▶ _Try it_: Repeat the data verbatim, images excluded.

********

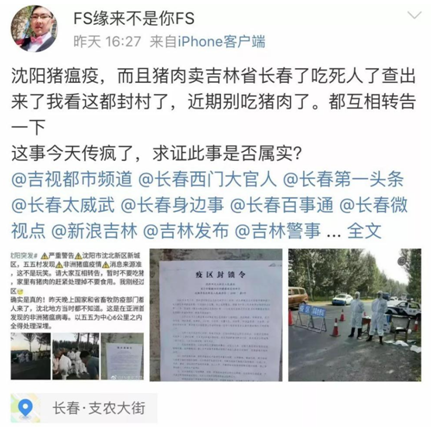 这则新闻一出,微信朋友圈就炸开了锅,网络上立刻出现了不少关于吃了沈阳患病猪肉后死亡的传言。
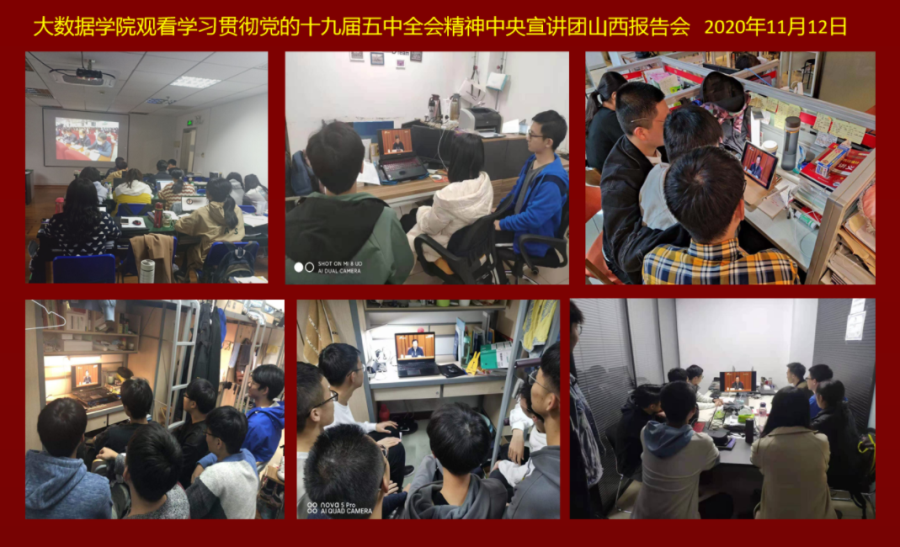 11月12日,大数据学院全体师生通过线上方式收看了学习贯彻党的十九届五中全会精神中央宣讲团山西报告会视频。
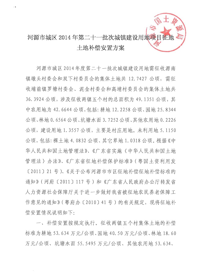河源市城區2014年第二十一批次城鎮建設用地項目征地土地補償安置方案
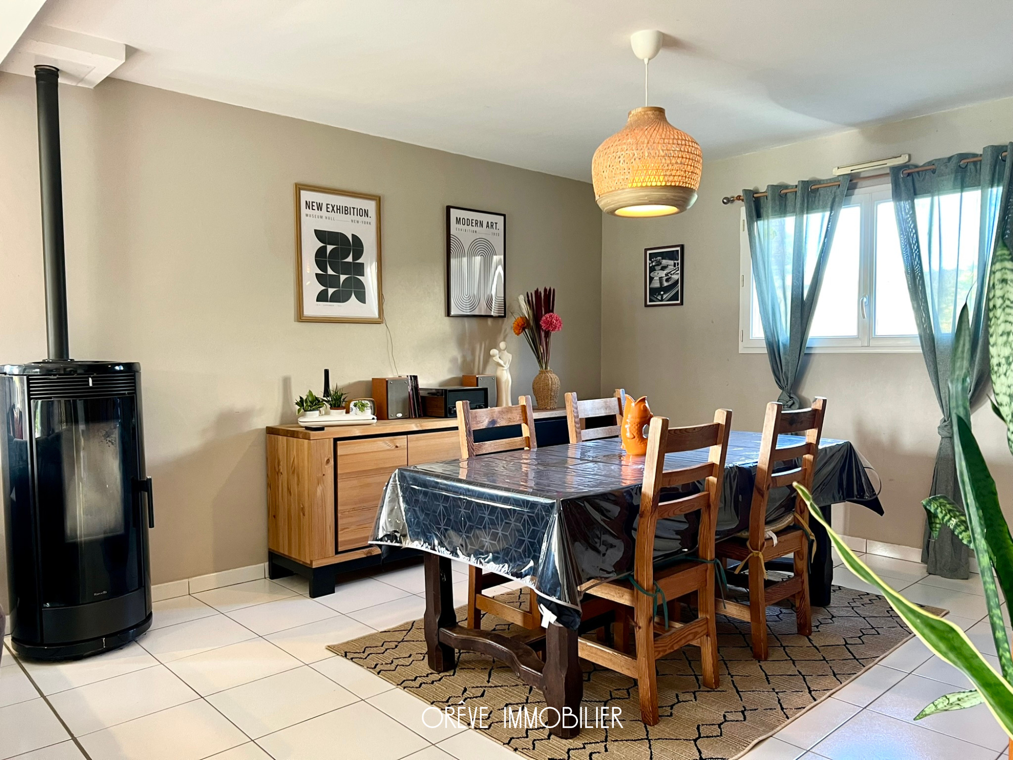La pièce de vie, exposée sud-ouest, bénéficie d’une belle luminosité et d’une atmosphère chaleureuse grâce à son poêle à granulés.
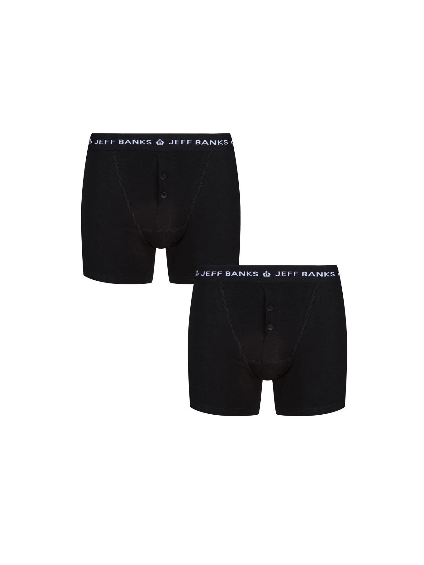 Give your underwear an update with these black Jeff Banks two-button fly boxers. Snug and comfortable these boxers are made from a cotton rich stretch jersey, and feature the Jeff Banks stylish branding on the smooth, brushed feel waistbands and are made with flat body seams, for extra comfort.
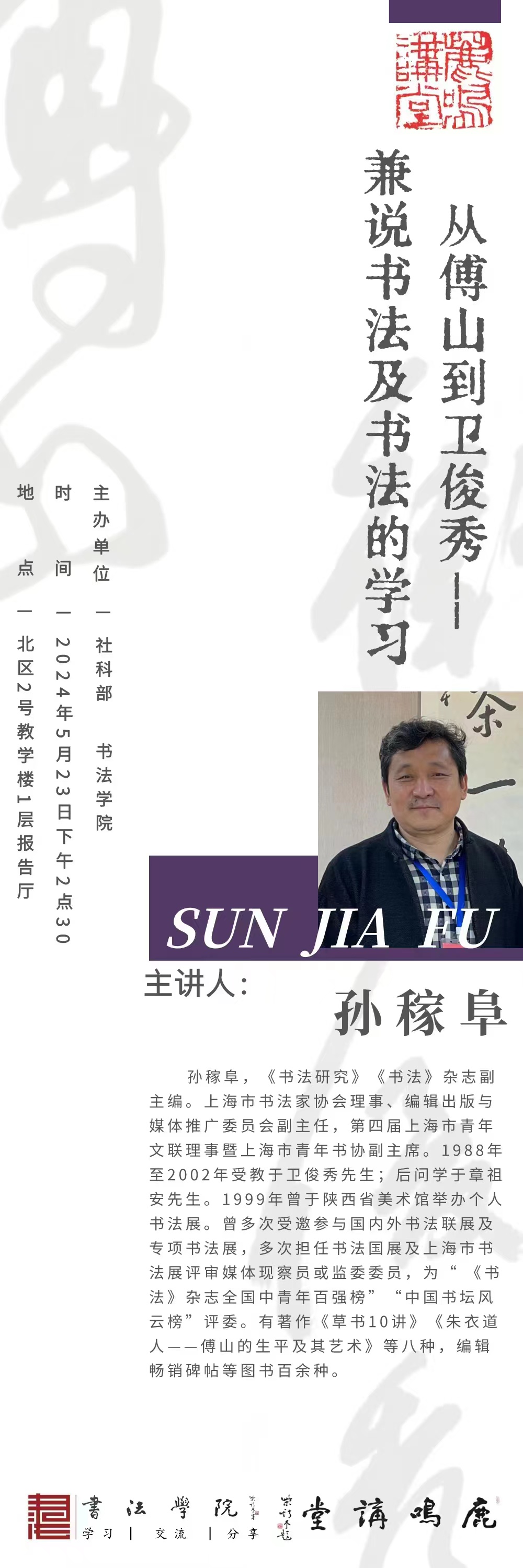 【讲座预告】孙稼阜:从傅山到卫俊秀——兼说书法及书法的学习

********

▶ _Exercise solution_:
 这则新闻一出,微信朋友圈就炸开了锅,网络上立刻出现了不少关于吃了沈阳患病猪肉后死亡的传言。
 11月12日,大数据学院全体师生通过线上方式收看了学习贯彻党的十九届五中全会精神中央宣讲团山西报告会视频。
河源市城區2014年第二十一批次城鎮建設用地項目征地土地補償安置方案
La pièce de vie, exposée sud-ouest, bénéficie d’une belle luminosité et d’une atmosphère chaleureuse grâce à son poêle à granulés.
 Give your underwear an update with these black Jeff Banks two-button fly boxers. Snug and comfortable these boxers are made from a cotton rich stretch jersey, and feature the Jeff Banks stylish branding on the smooth, brushed feel waistbands and are made with flat body seams, for extra comfort.
 【讲座预告】孙稼阜:从傅山到卫俊秀——兼说书法及书法的学习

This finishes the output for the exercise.